The 90s are back and they refuse to leave the ring
Matt Hardy is out here playing with our nostalgia like a fiddle. After watching Adam Copeland and Christian Cage hoist the belts at Double or Nothing, Matt dropped a teaser on May 24th that he wants a piece of the action. He's talking about a potential clash between the Hardy Boyz and the new AEW tag champions, though he admits he has zero concrete plans.
The internet, naturally, is a absolute circus right now. Half the comments section on Reddit and X are weeping tears of joy, remembering the ladder matches that defined our childhoods. It is essentially a request for one last hit of dopamine before everyone hangs up their boots for good.
The purists vs the progressives
Of course, the discourse isn't just people crying into their vintage merch. You have the skeptics who are looking at the calendar and asking, "Why?" These aren't the same guys who flew off ladders at WrestleMania 17. The physical toll on these legends is impossible to ignore, and people are legitimately worried about a high-profile injury overshadowing the history these legends built.
Then you have the contrarians, the crowd that thinks AEW is becoming a retirement home for former WWE mid-carders. They point out that putting the titles on Copeland and Cage is a fun television moment, but it ignores the younger talent who actually need that rub to get over with a new audience. It is a constant tug-of-war between booking for the pop and booking for the future.

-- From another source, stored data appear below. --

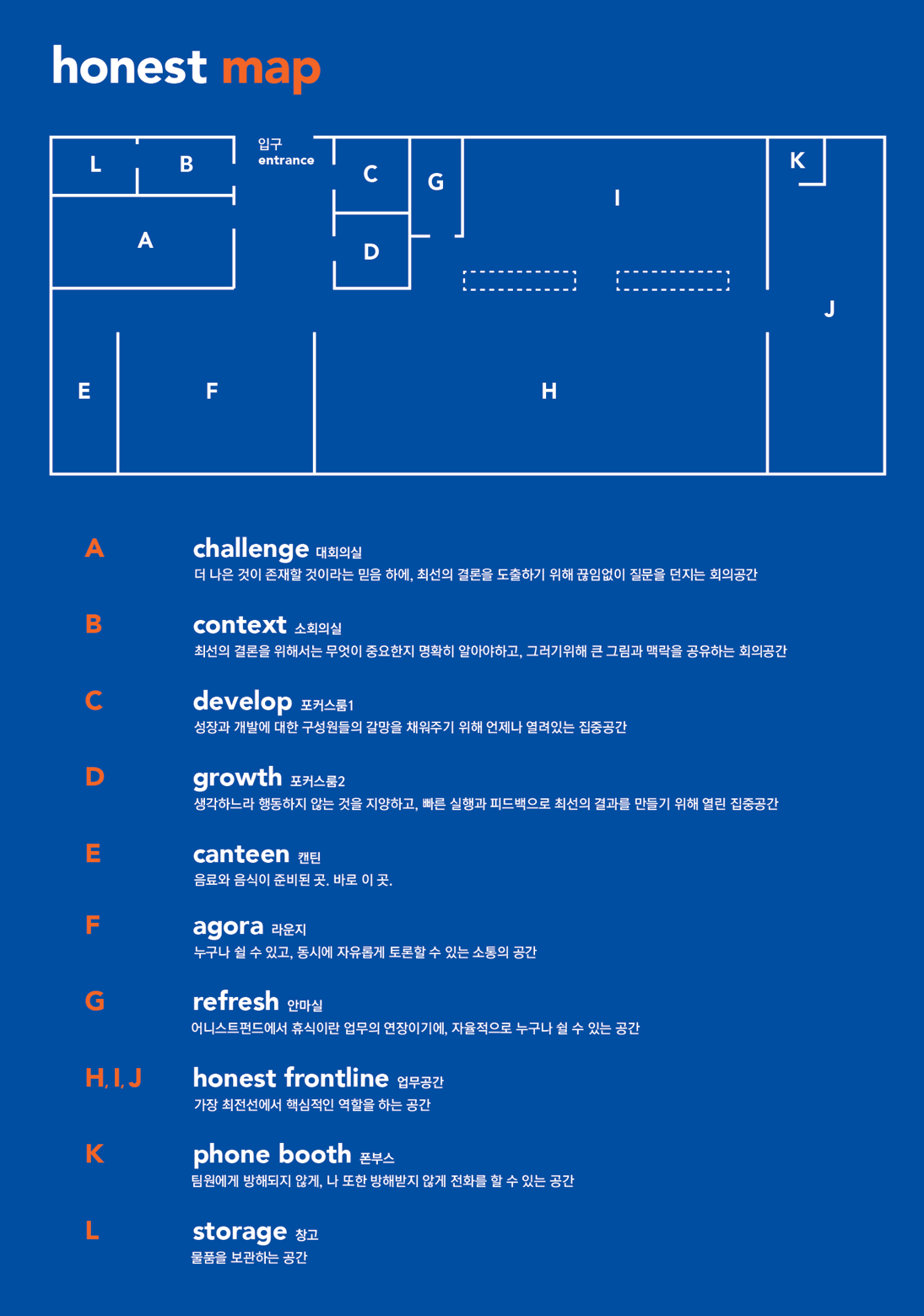 우리는 이곳에서 생산적 논쟁을 하고, 맥락을 공유하고, 그러한 과정을 통한 자기계발을 이뤄내고, 적절한 휴식을 취한다. 이 과정에서 성장한 개인은 결국 회사의 발전으로 이어지게 된다. 이렇든 우리는 한정된 공간에서 우리의 이야기를 담아내려고 노력하였다.
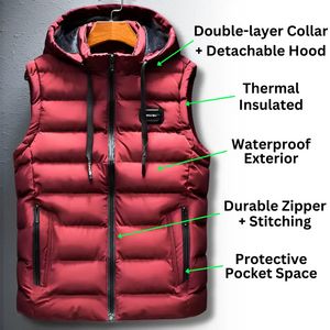 Questo template ad quadrato per il fashion valorizza un gilet piumino con cappuccio tramite un close-up pulitissimo del prodotto e una serie di callout tecnici. A sinistra domina il gilet rosso trapun...
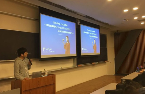 当社代表加納が「ブロックチェーンへの招待 ―楕円曲線暗号、コンセンサスアルゴリズム、SHA256等基礎技術から―」をテーマに東京大学大学院工学系研究科で講義いたしました ■テーマ(Theme): ブロックチェーンへの招待 ―楕円曲線暗号、コンセンサスアルゴリズム、 SHA256等基礎技術から― Introduction to blockchain ―From the basic, elliptic curve cryptography, consensus algorithm, SHA256 etc― 2018-04-18
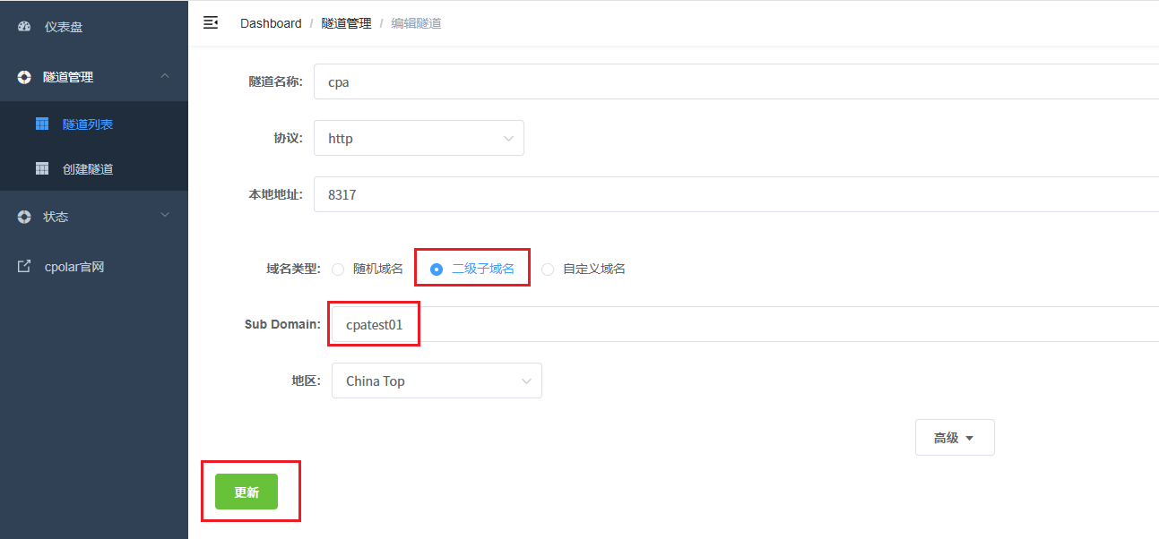点击右侧的【编辑】按钮,把域名类型改为“二级子域名”,在 Sub Domain 栏中输入你之前保存好的名称(例如 cpatest01),然后点一下 【更新】:

Not sure where, not sure when.
That quote from Matt Hardy is doing a lot of heavy lifting. It is vague enough to be a tweet for engagement, but specific enough to get the dirt sheets running wild for weeks. It reminds me of the TNA wrestling headlines that pop up every time a legend mentions someone else's name in an interview.
My take on the mess
Honestly? Keep this on a shelf where it belongs. I get the sentiment, but there is a near-zero percent chance that a 2026 match between these four men lives up to the dusty VHS tapes we have in our heads. It’s like trying to reboot a classic 90s sitcom with the original cast all using walkers. Sure, the chemistry remains, but the speed isn't in the legs anymore.
The real issue is that AEW is leaning way too hard on the "Remember This?" button. Copeland and Cage are absolute titans, don't get me wrong. But at 52 and 52 years old respectively, they shouldn't be the focal point of the tag division. You have teams like Top Flight or The Acclaimed who are desperate for that spot, and yet we are talking about bringing in Matt to relive a spot-fest from two decades ago.
We saw this same energy when everyone was losing their minds over the Double or Nothing booking. It was a spectacle for the front row, but it’s a bit of a slap in the face to the guys grinding on Dark or Rampage. Unless this is a low-stakes showcase for a one-off, I’m out.
Let’s call a spade a spade: this is booking for the quarter-hours, not for the legacy of the sport. If they want to do a spot-fest for the sake of the highlight reel, fine. Just don't ask us to pretend this is the peak of professional wrestling. The match would likely end with a chair shot to the back and a dusty finish anyway.
I will give them this: Matt Hardy knows how to work a headline. Whether or not this ever becomes a reality, he’s got us talking about it on a Saturday morning in May. That is the genius of these guys; they don't even have to lace up their boots to control the narrative. They just have to drop a hint, sit back, and watch the fans tear each other apart in the comments.